М. говорил о ней с сочувствием. Ничто, наверное, не вызывает у мужчины такого сочувствия, как одинокая женщина. М. упорно возвращался к умершему ребенку: мол, тут уж не оправится ни одна мать. Возможно, поэтому он относился к ней с почтительным уважением, хотя она частенько напрасно поднимала тревогу — бывало и по ночам заставляя его проверять, все ли в порядке, не пропало ли чего и все ли стоит на своих местах. Для М., человека простого, не чуждого никаких радостей жизни, вертеп был не более чем чудесной, сложной вещью, которая к тому же обеспечивала ему постоянный заработок. Он убирал помещения, заботился о сохранности здания, делал мелкий ремонт, ухаживал за садиком у входа. М. знал вертеп уже довольно хорошо, но не в целом, а по частям. Помнил отдельные фигурки — например, человека с собакой и котомкой за спиной или компанию горняков, играющих в шашки. Но описать вертеп полностью он бы не сумел. И оттого всегда терялся, слушая отчаянные жалобы Ковальской на пропажу из вертепа того, что, по ее словам, там должно быть, — ведь войти в дом, открыть запертый стеклянный куб и вынуть оттуда какие-то фигурки никто не мог. Вот почему он относился к таким ее выдумкам, как к истерике человека с изболевшейся душой, но вполне безобидного, который лишь немного не в себе. «Разве на пруду не было уток? — спрашивала она встревоженно. — Разве по воде не плавали маленькие цветные селезни?» Уток он не помнил. Но она так настаивала, что он начинал сомневаться: может, они и вправду были, а он не заметил, ведь пруд не больше монетки. Наверное, он задел пруд рукавом, когда последний раз чистил передаточный механизм, эти утки, размером с пшеничное зернышко, зацепились, что ли, за шерсть свитера и пропали.

Утки. Мелкие деревянные крупинки, разрисованные тонкой кисточкой. С зеленоватыми шеями и красными клювами — именно такие появились в вертепе. М. им обрадовался. Прибыток не убыток.
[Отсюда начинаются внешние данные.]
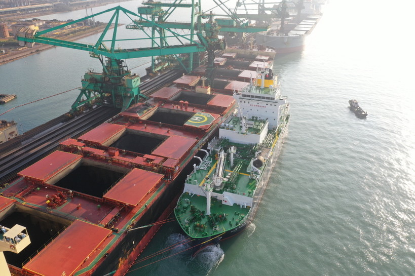 ▲ 한국가스공사는 자회사인 한국엘엔지벙커링(주)이 국산 화물창(KC-2) 기술을 적용한 LNG벙커링 전용선 ‘블루웨일호’를 활용해 10월 28일 국내 최초로 ‘LNG 벙커링 동시작업(SIMOPS, Simultaneous Operations)’을 성공적으로 수행했다고 밝혔다. (사진=한국가스공사) |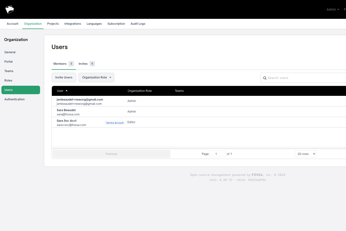 Navigate to Organization → Users. Service accounts appear with a "Service Account" badge.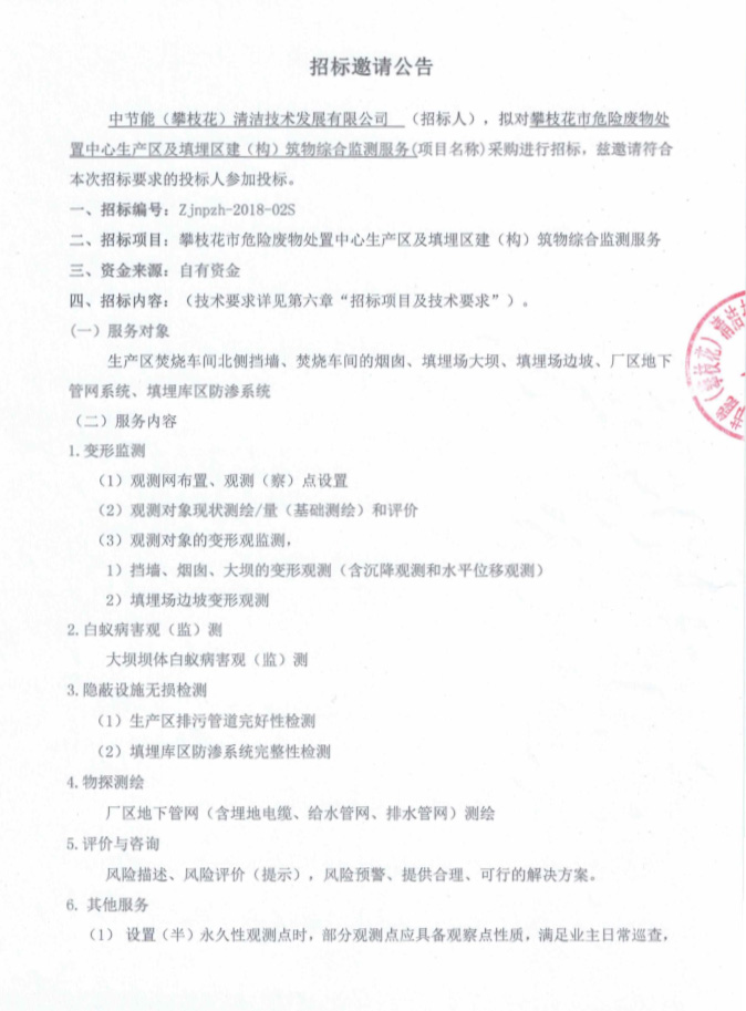 生產(chǎn)區及填埋區建(構)筑物綜合檢測服務(wù)采購進(jìn)行招標邀請公告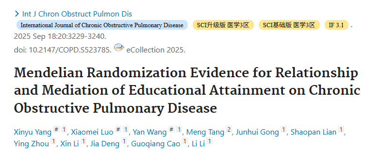2025年9月18日,中国学者在《Int J Chron Obstruct Pulmon Dis》发表一项孟德尔随机化(MR)研究,通过MR方法,探讨教育水平(EA)与慢性阻塞性肺病(COPD)发病和住院之间的因果关系,并进一步利用多变量MR(MVMR)和两步MR,分析EA对COPD的潜在中介机制。
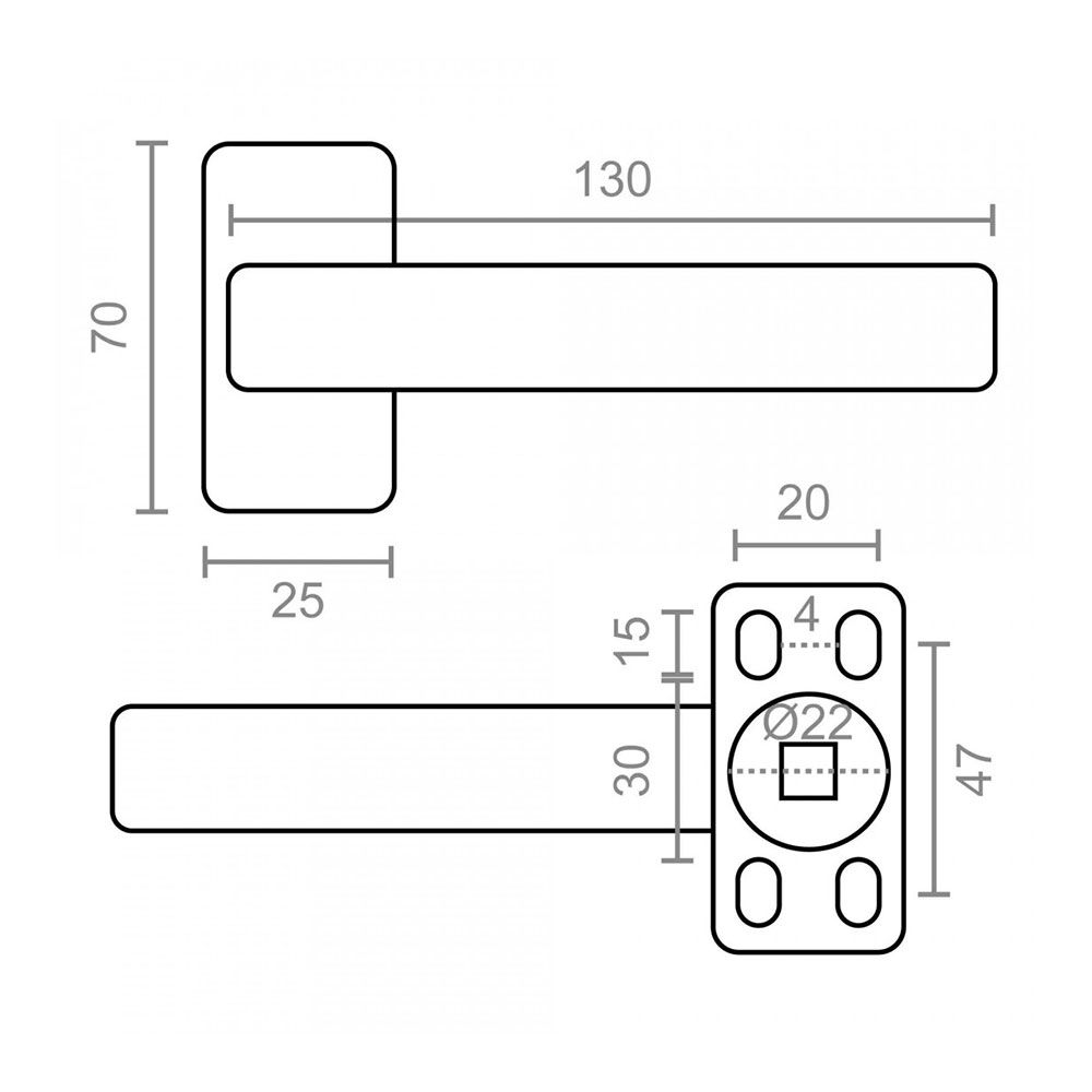 JUEGO MANILLA 6800. MEDIDA DE LA PLACA 70 x 25 mm. CON ORIFICIOS PARA 4 TORNILLOS. MEDIDA DE LA MANILLA 130 mm. MATERIAL ALUMINIO. ACABADO NEGRO (TORNILLOS INCLUIDOS)

Она, эта Ковальская, часто ездила во Вроцлав — записалась там на курсы немецкого. Во время ее отлучек М. топил печь у нее в квартире, чтобы не замерзли цветы. Он рассказывал, что она устроила себе там маленькую мастерскую — краски, холсты, все, что бывает у художников. В местной школе Ковальская вела кружок лепки. Иногда М. приносил ей что-нибудь, чего у самого было в избытке: мешочек собранных в саду орехов, лукошко клубники со своей грядки в урожайный год, баночку айвового варенья, сваренного его женой. Но настоящего взаимопонимания между ними не было. Настоящего — это значит такого, когда можно сесть как-нибудь вечерком за стол и поговорить по душам за бутылкой водки. Будь Ковальская мужчиной — другое дело, но она оставалась для всех одинокой женщиной, потерявшей когда-то ребенка и мужа. Такое несчастье навечно отделяет тебя от людей. Господь Бог, говорил М., берет отмеченных несчастьем людей и помещает их выше других или где-то в сторонке — так, что хочется, сложив ладони рупором, кричать, звать их обратно.